KINREC CONNECT: Professor Gordon Giesbrecht
Every so often, we will profile and highlight a person of interest from our faculty through an informal, off-the-cuff Q & A feature entitled KinRec Connect. This offers a chance to meet and learn about the catalysts behind our exciting and dynamic faculty.
Get to know FKRM professor Dr. Gordon Giesbrecht a little better:
Where did you grow up?
Where did you complete your undergraduate degree?
I did my B.P.E. in our faculty. I started in 1976. Although I was in the Class of ’79, I didn’t graduate until 1985 because, after my first year, I went to Edmonton for the summer… and stayed for six years!
What teams, clubs, or groups were you a member of during your undergraduate years?
When I came back for 2nd and 3rd year, I was married and my wife was pregnant. I had to get serious and therefore, didn’t do much but study; it paid off as I earned the gold medal in 1985. By the way our first daughter was born on the day of the Biomechanics final exam; even Dr. Alexander had to accept that excuse 🙂
Where did you complete your master’s degree, what did you study, and what were your main findings?
I did my M.P.E. in our faculty. We studied rewarming methods for subject’s that we made more hypothermic than in any other ethically-approved study in the world. Our results were seminal in our ultimate proofs of the importance of shivering at lower core temperatures than previously believed, and the safety of pre-hospital application of external heat for treatment.
“I encourage my students to try to visualize the actual physiology in real time. It can be a cool experience.”
Where did you complete your Ph.D. degree, what did you study, and what were your main findings?
I studied respiratory physiology in the Dept. of Physiology, College of Medicine, University of Manitoba. One of my goals was to explain the rapid shallow breathing that occurred during pulmonary edema; interesting that after four years I still didn’t know the answer. We did however determine the effects of cold and pressure variations on the firing outputs of various lung receptors and their effect on breathing pattern. This work really helped me when I set up my own laboratory to continue to study human cold physiology.
What is your favourite course to teach and why?
Exercise Physiology. First of all, everything (including psychology) is governed by physiology (i.e., neuronal activity and connections). Second, the understanding of exercise is fundamental to so much of what we study in our faculty. It requires a prerequisite understanding of anatomy, biology and chemistry and then builds on all the body systems. You have to understand how the healthy body works before you can strengthen it or work with injury or disease states.
Who are your favourite musicians, performances, sports teams, etc?
The Beatles and the Guess Who. I was just too young to catch events like the Beatles live on the Ed Sullivan Show, so my favourite concert was Paul McCartney last year. In his 70s he sang for more than three hours and every song was a hit. His three-song encore says it all about his versatility. He sang Yesterday, Mull of Kintyre, and Helter Skelter. Who else has made hits from such divergent types of songs?

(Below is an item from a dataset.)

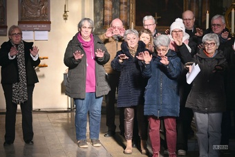 Manche Träne der Rührung war zu sehen, als die Gottesdienstteilnehmenden ermutigt wurden, ihre Arme zu einer Segensgeste zu formen, um so Franziska Reichert für die Zukunft mit Gottes Segen zu stärken.

Favourite teams: the ’67 Leafs, the ’70 and ’72 Bruins, the Avco Cup winning Winnipeg Jets and the ‘80s Edmonton Oilers, we will never see a team like the Oilers again.
What are your hobbies?
I am currently on a multi-year project (a little each day) to copy the New Testament in Greek and English. I also LOVE playing hockey! My goal is to someday play in a game with all my grandchildren and son-in-law; I’ll be about 70 then.
If you could be or do anything else, what would it be?
I would like to run an NGO to either: a) free child slave workers; or b) deal with clean water and health issues in the third world.
What one word would you use to describe yourself?
Action-strategist (if it’s hyphenated, it counts as one word right?)
What are you reading at the moment?
Most recently, “Everest The First Ascent” about Dr. Griffith Pugh, a physiologist who discovered much about altitude physiology that enabled that first ascent.